▸ Exercise brief:
In the entries below, repeat only the lines between those holding "配置文件里面的 external_url 修改为本机的IP地址加上端口" and "Ieri (27 aprile)", inclusive. Leave pictures out.

***** Supplied information *****

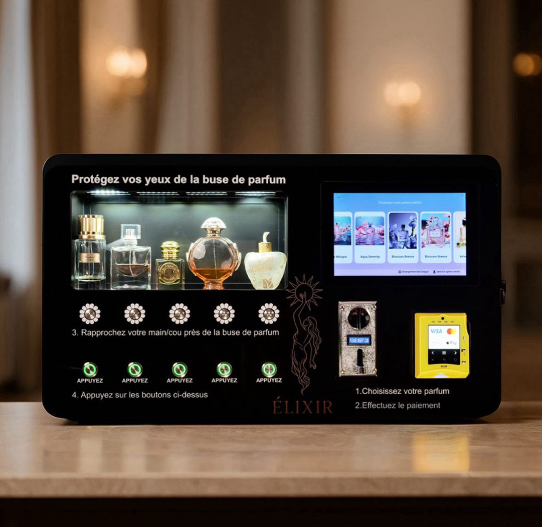 C’est une invitation au voyage olfactif. En un geste, en déposant une pièce, vos visiteurs, clients ou collaborateurs peuvent déclencher une vaporisation raffinée de parfum, soigneusement sélectionnée parmi différentes fragrances. Pensée comme un véritable objet de design, Élixir allie technologie, élégance et convivialité. Elle transforme un hall d’accueil, un espace lounge, une boutique, un hôtel ou même un événement privé en lieu d’émotions et de souvenirs uniques.
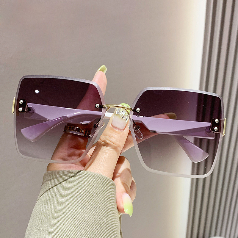2022新款时尚无框切边太阳镜女粉色个性方框显瘦韩版潮街拍墨镜男
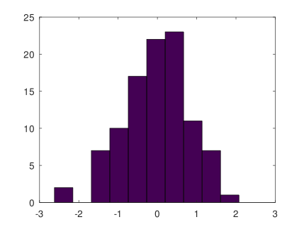7 hist(randn(100,1));%正規分布乱数100個を10区分に分けて度数を示す。
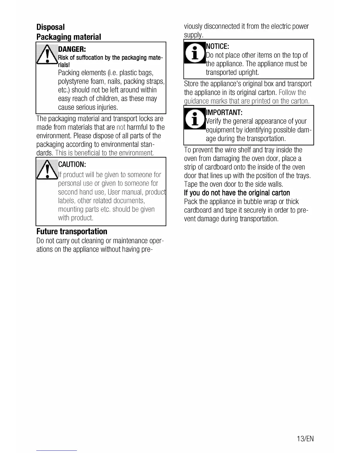 Blomberg BGR30420SS - Disposal; Packaging Material; Future Transportation
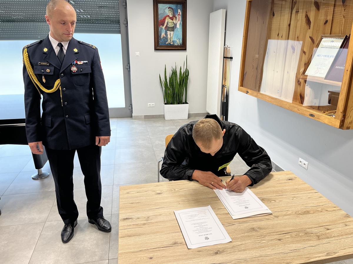 Po zaprzysiężeniu nowoprzyjęty funkcjonariusz podpisał Akt Ślubowania.
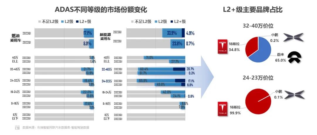 从装车比例上看,新能源乘用车在L2级以上的装车比例要显著高于燃油车型。在2023年1季度,新能源乘用车L2+级辅助驾驶的装车占比已经达到了4.9%,比去年同期高了4.2个百分点。燃油车方面还没有L2+级的车辆销售。从价位来看,24万以上价位的新能源乘用车,在2023年1季度有七成以上的车辆达到了L2级以上。各价位的增长势头都非常显著。而同价位的燃油车市场,L2级占比仅有两成左右。尽管增势也很明显,但与新能源市场差距仍然很大。
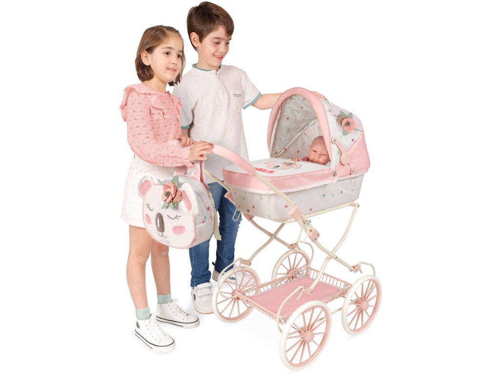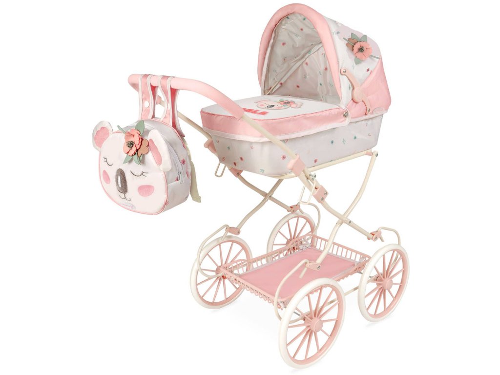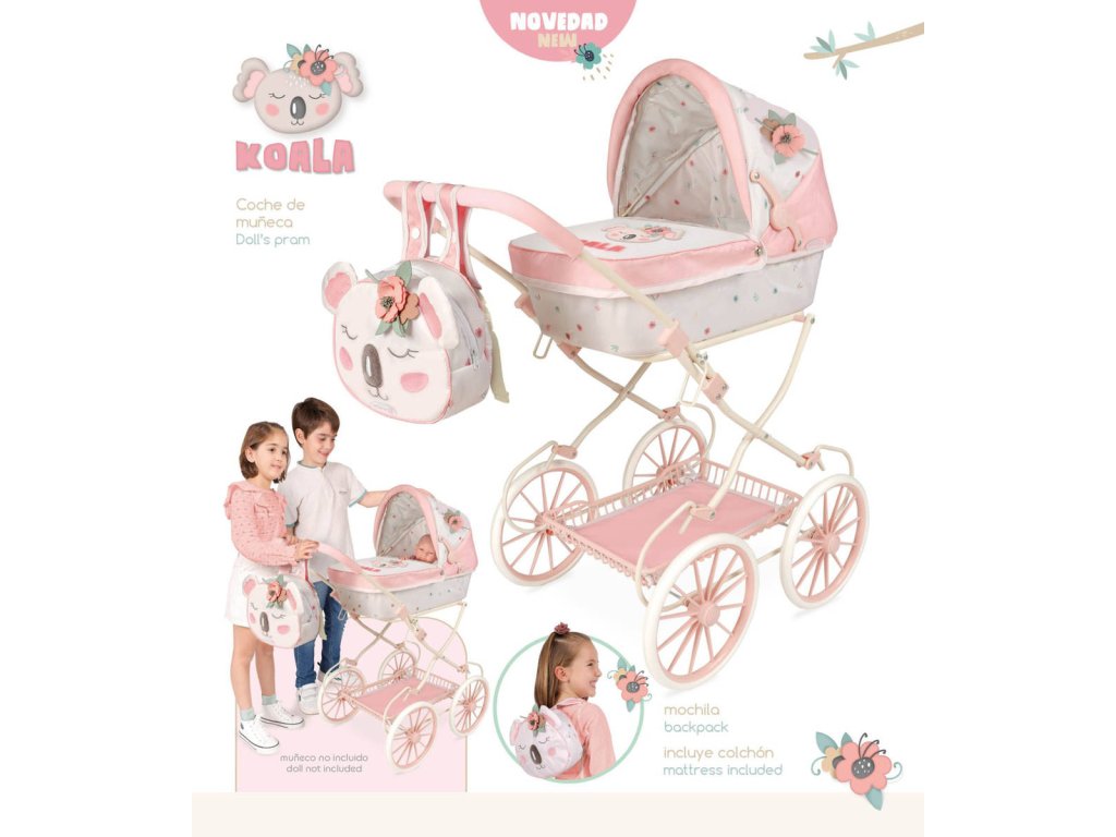 Kočárek je díky vysoké rukojeti spíš vhodný pro větší slečny. Kolekce nabízí nejen kočárky, ale i jiné doplňky pro malé slečny a jejich panenky. Tato dívčí kolekce KOALA je doslova něžnost sama. Spící medvídek s květinou za ouškem je velmi roztomilý. Tento motiv doprovází každý výrobek z kolekce. V provedení se střídá bílá s drobným květinovým potiskem s lososově růžovým jednobarevným materiálem. Nádherný španělský design, precizní zpracování. Skládací model, velmi snadná manipulace během samotné hry.
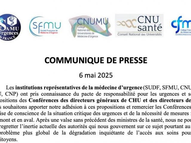 Publié le 07/05/2025Les principales instances de la médecine d’urgence saluent le pacte de responsabilité pour les urgences proposé par les [...]
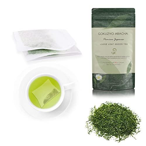 Indulge in the balanced aroma of our Japanese tea selection and let yourself carried away by tranquility and peace! This premium bundle comes with the Eco-friendly loose tea leaves tea bags and signature Gokuzyo Aracha Premium Tea (2-times Global Tea Champion Winner) that will delight your taste buds and offer the calm you need to escape routine life. Made with natural, single-origin green tea leaves, our tea is packed with antioxidants and nutrients without any sugar, GMOs, or fillers. Our tea filter bags have a specialized design. They are oversized with a widened bottom to allow your tea leaves to unfurl fully so that they can give out the maximum flavor and aroma.
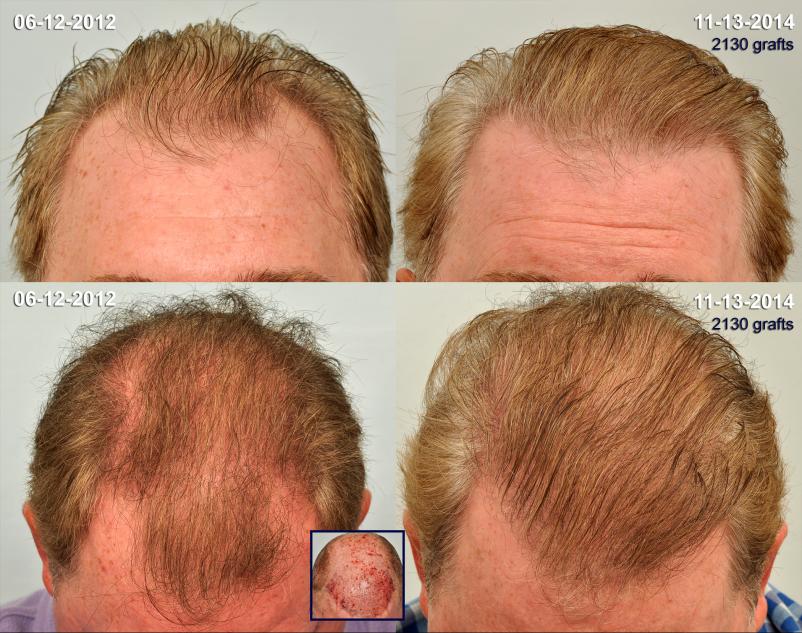 Our patient, who is in his mid forties came to us June of 2012 to address some recession and add some density behind his hairline. He is very pleased with his growth so far. Back today, November 13, 2014, Dr. Cole will place 2.000 more grafts in order to add additional density to his crown. In 2012 he definitely looked balding. Today before his procedure he only appeared slightly thinning. In approximately one year, the 2,000 grafts placed today, should nearly eliminate the impression of a thinning head of hair. His natural hair color works to his advantage because there isn't a lot of contrast between hair and scalp.
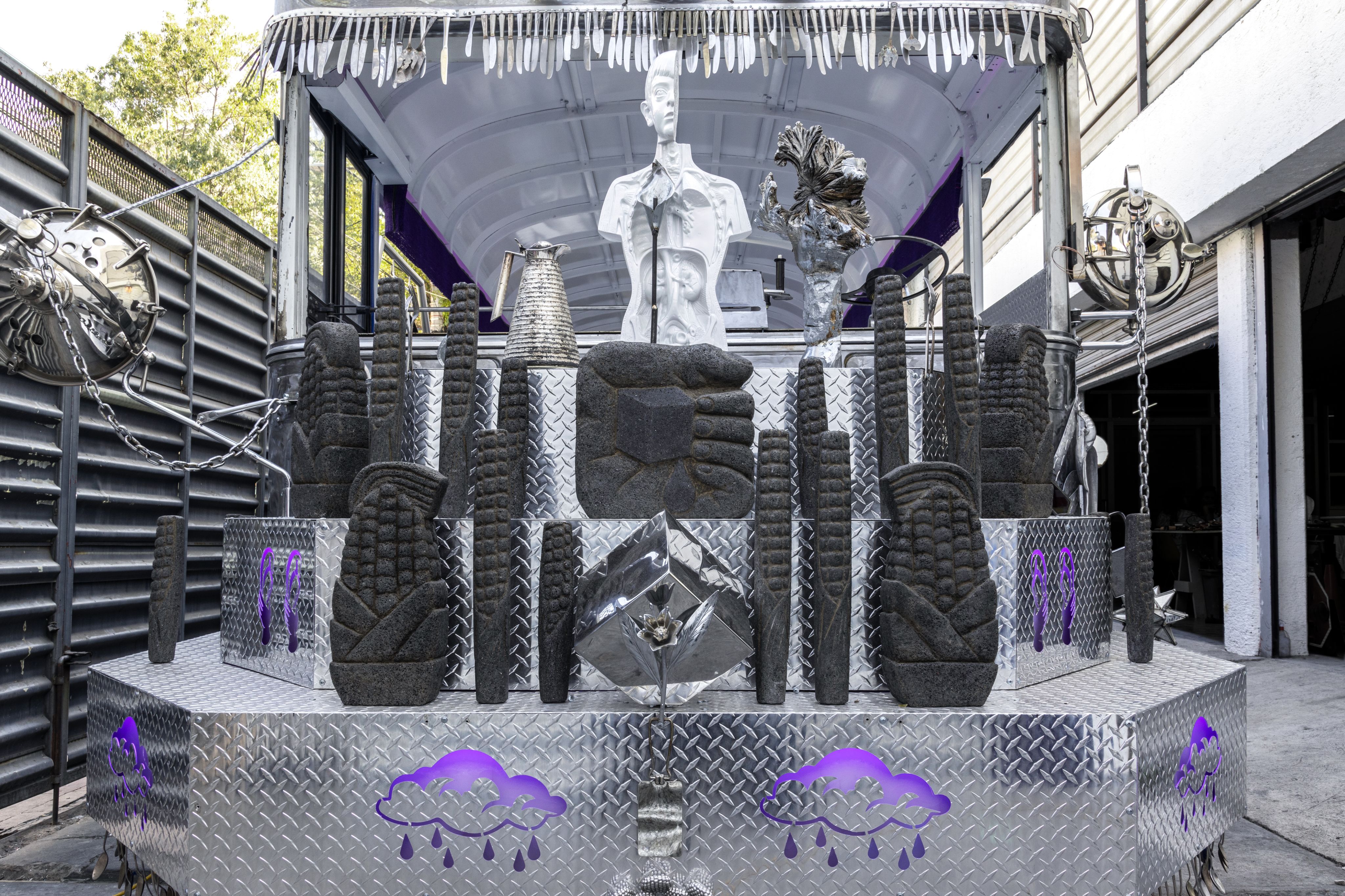 Mariposa Relámpago, which translates to Lightning Butterfly, is the artist’s largest sculpture to date. Maravilla’s sculptures known as Disease Throwers, incorporate natural materials, handmade objects, and items collected while retracing his migratory route. Every sculpture includes metal gongs that are activated by the artist during public sound baths to deploy the powers of vibrational sound as a form of healing. Maravilla’s artworks also contain a cosmology of potent symbols and objects that connect the artist’s personal journey with ancient practices of the Indigenous Mayan peoples; diverse spiritual and folk beliefs; and contemporary crises of disease, ecology, and war. Mariposa Relámpago functions as a sculpture, shrine and healing.
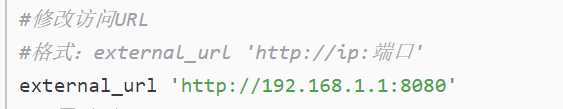 配置文件里面的 external_url 修改为本机的IP地址加上端口 即可 ,我们上面开的端口是8077,改成 http://192.168.1.44:8087
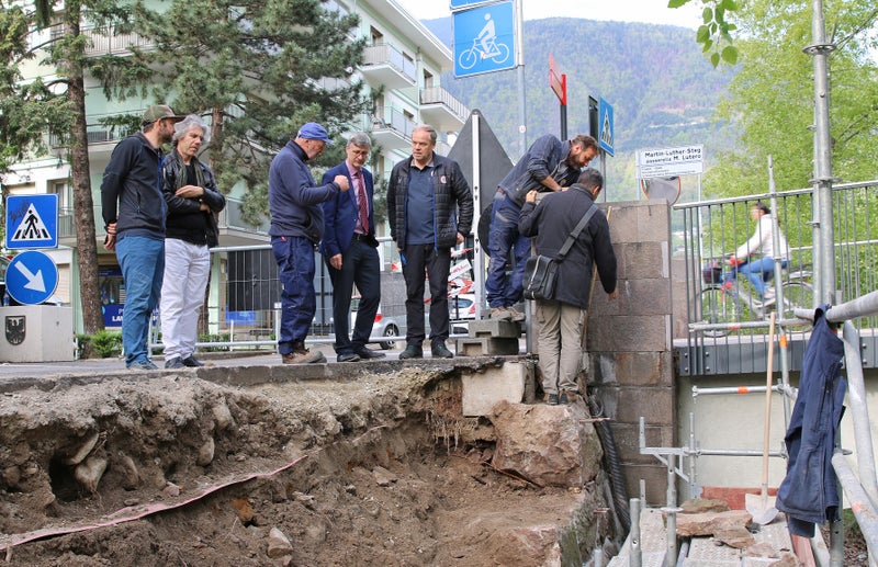Ieri (27 aprile) sopralluogo a Merano dei tecnici per verificare lo stato dei lavori di ristrutturazione dei muri di sponda nella zona di Ponte Teatro. Gli interventi saranno ultimati entro maggio.
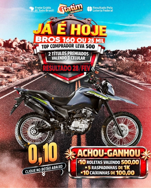 COM APENAS 0,10 VOCÊ CONCORRE A UMA BROS 160 2026 NARGO OU 25 MIL NO PIX! SORTEIO VÁLIDO PELA LOTERIA FEDERAL DO DIA 28 DE FEVEREIRO !!!
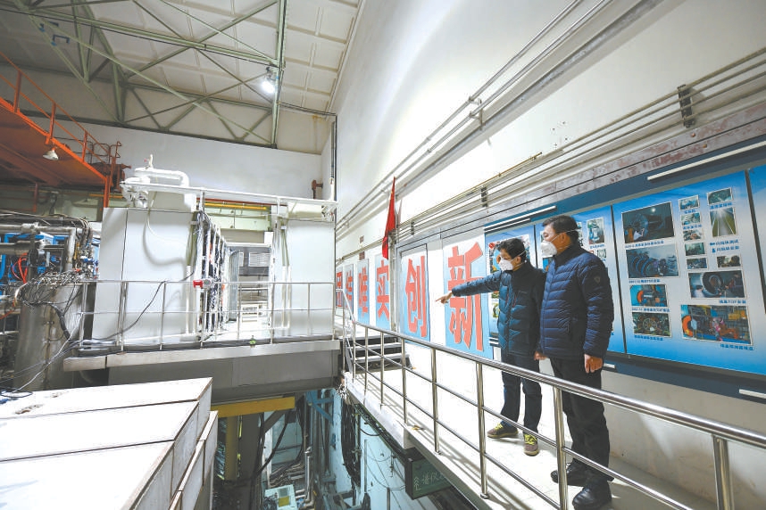 北京譜儀Ⅲ實驗國際合作組發言人、中科院高能物理所研究員李海波(右)與北京譜儀Ⅲ實驗國際合作組聯合發言人、中國科學院大學教授呂曉睿(左)在北京譜儀對撞區查看設備情況。 本報記者 和冠欣攝

*****

▸ Result of this task:
 配置文件里面的 external_url 修改为本机的IP地址加上端口 即可 ,我们上面开的端口是8077,改成 http://192.168.1.44:8087
Ieri (27 aprile) sopralluogo a Merano dei tecnici per verificare lo stato dei lavori di ristrutturazione dei muri di sponda nella zona di Ponte Teatro. Gli interventi saranno ultimati entro maggio.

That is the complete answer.